Malik Curry

No. 7 – Defensor Sporting
- League: Liga Uruguaya de Básquetbol

Personal information
- Born: February 7, 1999 (age 27) New Castle, Delaware, U.S.
- Listed height: 6 ft 1 in (1.85 m)
- Listed weight: 180 lb (82 kg)

Career information
- High school: St. Elizabeth (New Castle, Delaware)
- College: Palm Beach (2017–2019); Old Dominion (2019–2021); West Virginia (2021–2022);
- NBA draft: 2022: undrafted
- Playing career: 2022–present

Career history
- 2022–2023: ETHA Engomis
- 2023: Al-Rayyan Doha
- 2023–2024: Defensor Sporting
- 2024: Mineros de Zacatecas
- 2024–2025: Defensor Sporting
- 2025: Al-Rayyan Doha

= Malik Curry =

American basketball player (born 1999)

Malik Curry (born February 7, 1999) is an American professional basketball player who played for Al-Rayyan Doha. He played college basketball for the Palm Beach State College, Old Dominion University and West Virginia University.

==College career==

===Palm Beach State College (2017-2019)===
On April 8, 2019, Curry was named to the NJCAA All-America 2nd Team. He led the team in multiple offensive categories and in the conference he finished 2nd in both points-per game and assists. Nationally, he finished 13th in scoring and 16th in assists.

Curry was selected to the 2019 NJCAA All-Star Game in Las Vegas, becoming the first player in the Martin McCann era to be named to the game.

During his time at Palm Beach State College he averaged 21.9 points, 5.9 rebounds and 6.3 assists per game. He was Second Team Junior College All-American, FCSAA Southern Conference Player of the Year, two-time FCSAA Player of the Week and First Team All FCSAA Southern Conference.

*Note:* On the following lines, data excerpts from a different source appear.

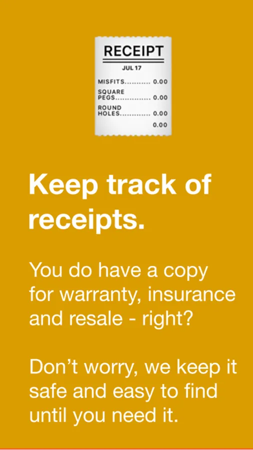 - No more looking through drawers for paper receipts for warranty claims (attach the receipt to the item with zero effort).
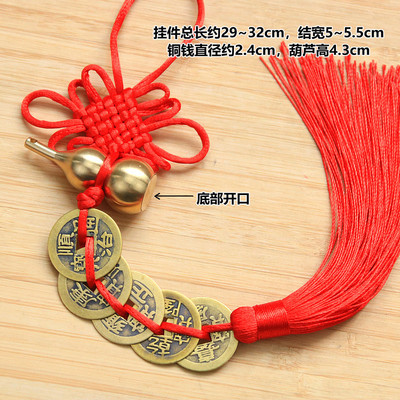 Brass Gourd Open Five Emperors Coins Chinese Knot Tassel Home Feng Shui Pure Copper Five Emperors Coins Copper Coin Pendant
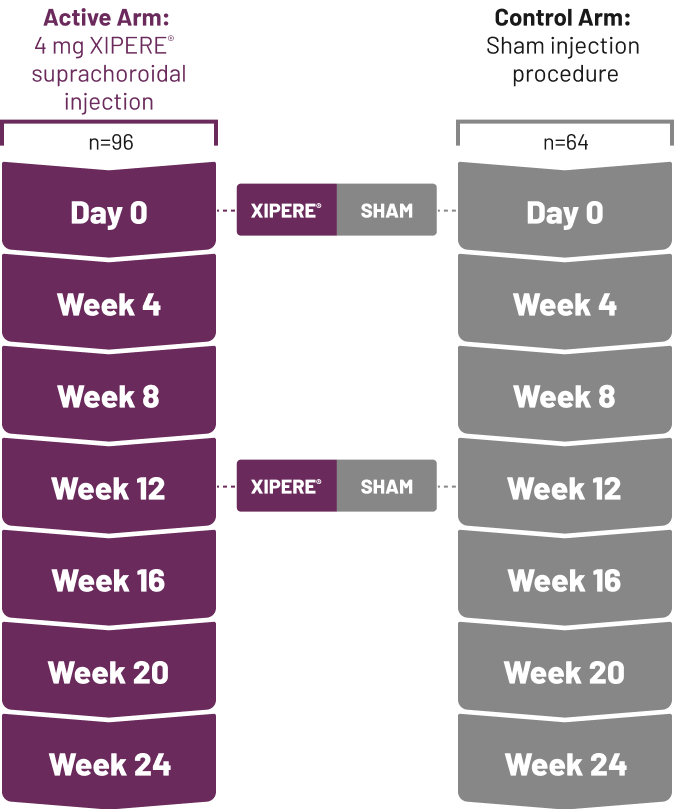 2.XIPERE® [prescribing information]. Alpharetta, GA: Clearside Biomedical, Inc.

===Old Dominion University (2019-2021)===
In May 2019, Curry transferred to Old Dominion University for the 2019–2020 season.

In March 2021, Curry was named to the All-Conference USA Second Team. He started in every game he had played for Old Dominion the 2020–2021 season. He led the team in scoring, assists, steals, three-point percentage and free-throw percentage. Curry was also named to the National Association of Basketball Coaches All-District 11 Second Team.

===West Virginia University (2021-2022)===
In April 2021, Curry transferred to West Virginia University for the 2021–2022 season.

In December 2021, Curry rolled his ankle and was taken out the game in the first half of the UAB game.

In May 2022, Curry participated in the Tampa Bay Pro Combine where he was awarded the Most Valuable Player of game two. He had 24 points, 7 rebounds 5 assists and 2 blocks. His point total was tied for second-most at the combine.

==Professional career==

===ETHA Engomis (2022-2023)===
On August 18, 2022, Curry signed his first professional contract with ETHA Engomis for the 2022-2023 season. On October 11, 2022, Curry received a Hoops Agent Player of the Week award. He had 36 points, 8 rebounds and 2 assists for his team's victory. On October 17, 2022, Curry received a Hoops Agents Player of the Week award for Round 2. He had 29 points, 5 rebounds and 4 assists for his team. He was the league's best scorer averaging 32.5 points per game. On November 7th, he received a Hoops Agents Player of the Week award after having 36 points and 11 rebounds. On November 29th, he received another Hoops Agents Player of the Week award. He had 37 points, 6 rebounds and 2 assists in his team's victory.

===Al-Rayyan Doha (2023 & 2025)===
On March 1, 2023, Curry signed with Al-Rayyan Doha for the season. He started the season with ETHA Engomis where he averaged 26.9 points, 5.9 rebounds and 4.1 assists per game. He was also voted the League Player of the Week four times in Cyprus.

===Defensor Sporting (2023-2024 & 2024-2025)===
On December 14, 2023, Curry received a Hoops Agents Player of the Week award for Round 13. He had 29 points, 6 rebounds, and 5 assists for the teams win.On September 4, 2024, Curry signed to re-join Defensor Sporting Club.

On October 24, 2024, Curry received a Hoops Agents Player of the Week award for Round 6. He had a game-high 21 points, 4 rebounds, and 6 assists.

==Personal life==
Curry's father, Herman Curry, was murdered in front of hundreds of people during a soccer tournament in Wilmington, DE when Curry was 13.

Curry became a father in 2020 to a son.

Curry is the youngest of six children.